The current stable version seems to be 5.2.14, but I can't find any implementation for jz4760 again [Implementation of jz4740, jz4770, jz4780](https://git.kernel.org/pub/scm/linux/kernel/ There seems to be git / stable / linux.git / tree / arch / mips / jz4740? H = v5.2.14). It was written that the difference from jz4740 is the clock frequency, the presence or absence of FPU, and the presence or absence of GPU, so it may work with the build for jz4740 (really?).
This is also GPL, so if you look for it, you may find an implementation for jz4760.
For the time being, I found something like linux-2.6.31.3-jz-20120904-r1448.patch.gz. It includes a solid implementation for the jz4760.
When I searched for the standard development environment for RetroFW, I found it quickly.

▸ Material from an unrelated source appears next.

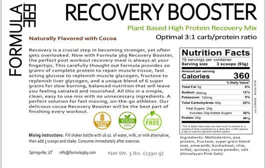 Vegan High Protein Recovery Shake with 20g Protein and 60g Carbs, 100% Natural, Gluten Free Formula 369 Recovery Booster - 3 pounds

[Tutorial](https: // redirect.) Written in Topic: RetroFW --Developer Support Thread. viglink.com/?format=go&jsonp=vglnk_156881591905714&key=5150cb74f98acee214af0b53b6829d41&libId=k0pcfxgc0102ljt2000DAwfv3cbhjannx&loc=https%3A%2F%2Fboards.dingoonity.com=https%3A%2F%2Fboards.dingoonity. % 2Fdocs.google.com% 2Fdocument% 2Fd% 2F19kJXO3EZ8XCoeporuUUgV_S93AaPbSagza3sAgBILu8%2Fedit%3Fusp%3Dsharing&title=RetroFW%20-%20Developer%20Support%20Thread%20%20Developer%20Support%20Thread%20%20Support%20Thread%20%7C % 20Configuring% 20a% 20Toolchain% 20for% 20RetroFW% 20Development), it was easy to make a sample IPK.
The main points written in the tutorial are as follows.
For the tutorial, I used VirtualBox to prepare the operating environment of Ubuntu, but I tried Windows Subsystem for Linux. When I tried using Ubuntu (/ wiki / Windows_Subsystem_for_Linux), I was able to build it without any problems except for some parts. The explanation of the introduction of WSL is omitted.
Next, install the package for building BuildRoot on Ubuntu of WSL. As follows.
$ sudo apt install build-essential libncurses5 libncurses5-dev git python unzip bc
Next, get BuildRoot and build.
The BuildRoot version is specified to use 2018.02.9, and it is stated not to use it even if you notice that a new version has been released (because it is sensitive to the toolchain version).
$ wget https://buildroot.org/downloads/buildroot-2018.02.9.tar.gz
$ tar -xzvf buildroot-2018.02.9.tar.gz
$ cd buildroot-2018.02.9
$ make menuconfig
The buildroot configuration is described as follows.
Target Options
Target Architecture - MIPS (little endian)
Disable soft-float
Toolchain
C library (uClibc-ng)
Enable WCHAR support
Enable C++ support
Target Packages
Graphic libraries and applications (graphic/text)
SDL
SDL_gfx
SDL_image
SDL_mixer
SDL_net
SDL_sound
SDL_TTF
All you have to do is build. It takes a lot of time to build the entire tool chain (cross compiler).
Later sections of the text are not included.